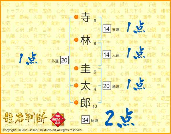 寺林圭太郎さんの総運は34画の2点!
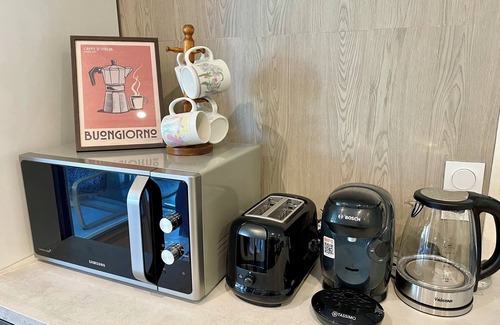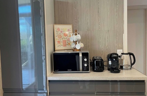 As you settle into this 4-bedroom, 2-bathroom rental, you'll find a BBQ grill and a desk. Bathroom amenities include a hair dryer, towels, and toilet paper. The kitchen is equipped with an oven, a stovetop, and a refrigerator, as well as a coffee maker, an electric kettle, and a microwave. And you won't have to pack extra clothes, because you'll have a washer and dryer, too.
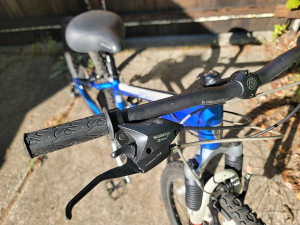 Great condition, works perfect, very light aluminum frame, high-end parts, Acera shifters, Tektro brakes, Bontrager wheels. Has 3x8 speeds, regular 26'' wheels, frame is so low(13'') a 4th grade kid can ride it with seat down and also me as adult i can use it since seat goes up a lot.
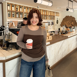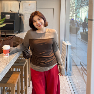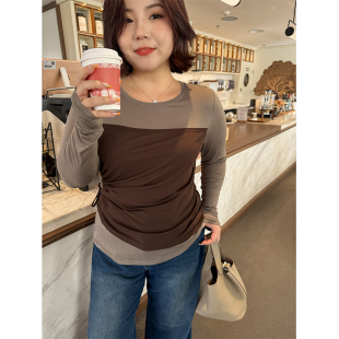 圆领长袖 女装 抽褶薄内搭200斤 木子理想大码 胖mm秋冬假两件打底衫
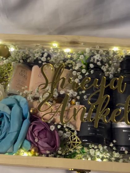 From the moment you say 'yes' to the countdown to the big day, I help you celebrate every step. I design personalized engagement ring platters, custom welcome boards for your ceremonies, and thoughtful countdown hampers.
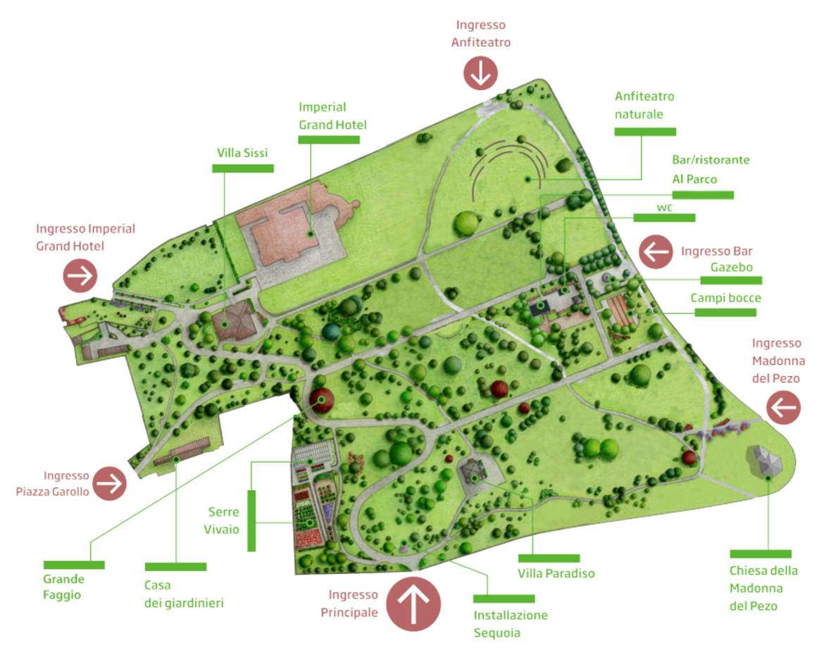 Il Parco è aperto tutto l’anno e conserva ancora il fascino di un luogo speciale per le storiche alberature, vestite di fronde fino al livello del terreno che sono cresciute liberamente in mezzo ai prati. In primavera si apprezzano le fioriture di arbusti come diverse specie di rose, gelsomini, viburni, cornioli ornamentali, spiree glicini e clematis.
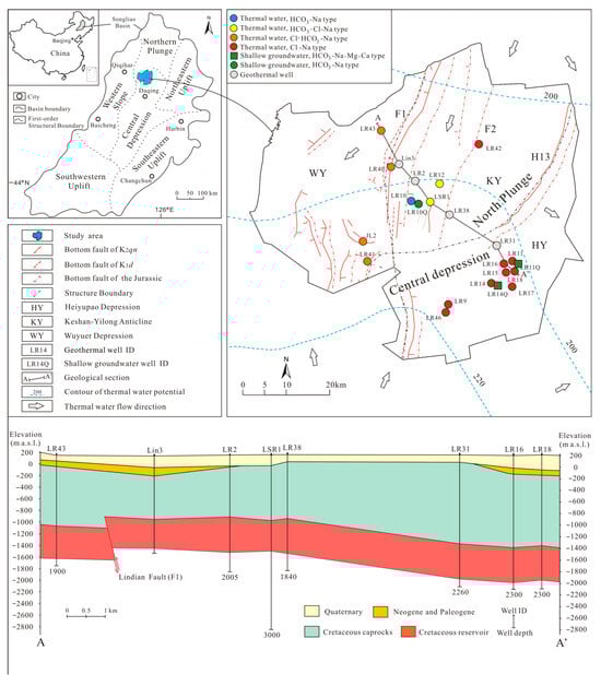 To explore the hydrogeochemical characteristics and dominant water–rock interaction processes of thermal water in Lindian geothermal field (northern Songliao Basin, NE China), this study analyzed 16 thermal water samples (1900–3000 m depth) and 3 shallow groundwater samples using hydrochemical indices, water isotopes, and
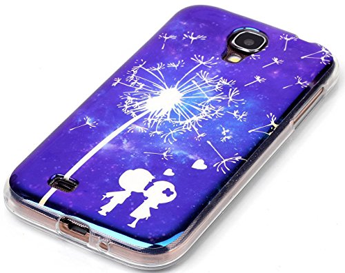 S4 Case, Galaxy S4 I9500 Case AIYZE Blue Light Soft TPU Gel Protective Back Case with Silicone Mobile Phone Stand Fit Samsung Galaxy SIV I9505 SPH-L720 SGH-I337 (Lovers Dandelion)
##########
REQUIREMENT >>
Give back every line of the material above word for word, leaving out the pictures.

EXERCISE SOLUTION >>
 寺林圭太郎さんの総運は34画の2点!
 As you settle into this 4-bedroom, 2-bathroom rental, you'll find a BBQ grill and a desk. Bathroom amenities include a hair dryer, towels, and toilet paper. The kitchen is equipped with an oven, a stovetop, and a refrigerator, as well as a coffee maker, an electric kettle, and a microwave. And you won't have to pack extra clothes, because you'll have a washer and dryer, too.
 Great condition, works perfect, very light aluminum frame, high-end parts, Acera shifters, Tektro brakes, Bontrager wheels. Has 3x8 speeds, regular 26'' wheels, frame is so low(13'') a 4th grade kid can ride it with seat down and also me as adult i can use it since seat goes up a lot.
 圆领长袖 女装 抽褶薄内搭200斤 木子理想大码 胖mm秋冬假两件打底衫
 From the moment you say 'yes' to the countdown to the big day, I help you celebrate every step. I design personalized engagement ring platters, custom welcome boards for your ceremonies, and thoughtful countdown hampers.
 Il Parco è aperto tutto l’anno e conserva ancora il fascino di un luogo speciale per le storiche alberature, vestite di fronde fino al livello del terreno che sono cresciute liberamente in mezzo ai prati. In primavera si apprezzano le fioriture di arbusti come diverse specie di rose, gelsomini, viburni, cornioli ornamentali, spiree glicini e clematis.
 To explore the hydrogeochemical characteristics and dominant water–rock interaction processes of thermal water in Lindian geothermal field (northern Songliao Basin, NE China), this study analyzed 16 thermal water samples (1900–3000 m depth) and 3 shallow groundwater samples using hydrochemical indices, water isotopes, and
 S4 Case, Galaxy S4 I9500 Case AIYZE Blue Light Soft TPU Gel Protective Back Case with Silicone Mobile Phone Stand Fit Samsung Galaxy SIV I9505 SPH-L720 SGH-I337 (Lovers Dandelion)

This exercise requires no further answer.